I think this is one of the most intriguing stories in all of MLB this year. I'm sure LadyCroft
By The Associated Press: "Aroldis Chapman ready to start"... http://espn.go.com/mlb/spring2013/st...nati-reds-want
GOODYEAR, Ariz. -- Aroldis Chapman was getting ready to start for the Cincinnati Reds last spring when the bullpen got wiped out by injuries, forcing a different approach.
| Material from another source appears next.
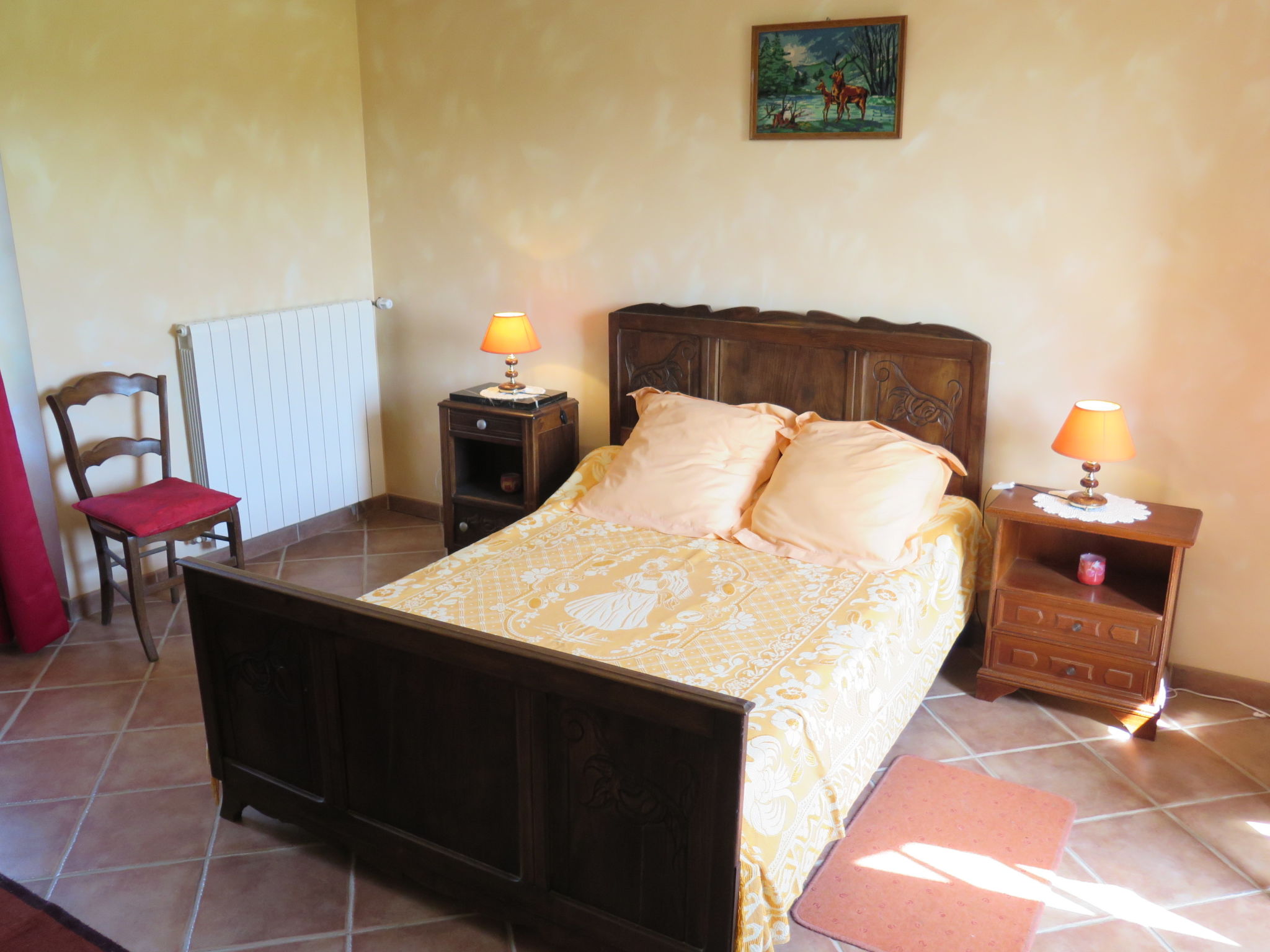 "Le Mas de Serre", 3-room house 115 m2, on the upper ground floor. Object suitable for 5 adults. Rustic and antique furnishings: living/dining room with open-hearth fireplace, dining table and satellite TV (flat screen). Exit to the terrace. 1 room with 1 bed (120 cm, length 190 cm), 1 french bed (140 cm, length 190 cm). 1 room, on 2 levels with 1 bed (110 cm, length 190 cm), 1 french bed (140 cm, length 190 cm). Open kitchen (oven, dishwasher, 4 gas rings, toaster, kettle, microwave, freezer, electric coffee machine) with bar, dining table. Bathroom, sep. WC. Oil heating. Wooden floors. Terrace. Terrace furniture, barbecue (portable), deck chairs, covered balcony. Beautiful view of the countryside. Facilities: washing machine, children's high chair, baby cot, logs (free). Please note: non-smoking house. Maximum 2 pets/ dogs allowed. Smoke alarm. Bed layout is flexible. There are more sleeping options available than the maximum number of people allowed which may, however, not be exceeded.

The hard-throwing Cuban became one of baseball's best closers in his first try at it.
He's on the same course this spring, trying to win a spot in the rotation -- and his manager is keeping an open mind about where he'll end up eventually.
So is Chapman, who worked on his changeup over the winter to add another pitch in case he starts.
"I will prepare the same way I did last year," Chapman said, with trainer Tomas Vera translating. "I would like to start a season and throw as many innings as I can, but that's up to the team. When I was in Cuba, I threw 150 innings. I will prepare myself to throw as many innings as they want me to throw."
Chapman, who turns 25 on Feb. 28, was expected to develop into a starter when the Reds signed him in 2010. He struggled with his control in the minors, and the Reds used him as a reliever for the first time in his career to help them win the NL Central in 2010.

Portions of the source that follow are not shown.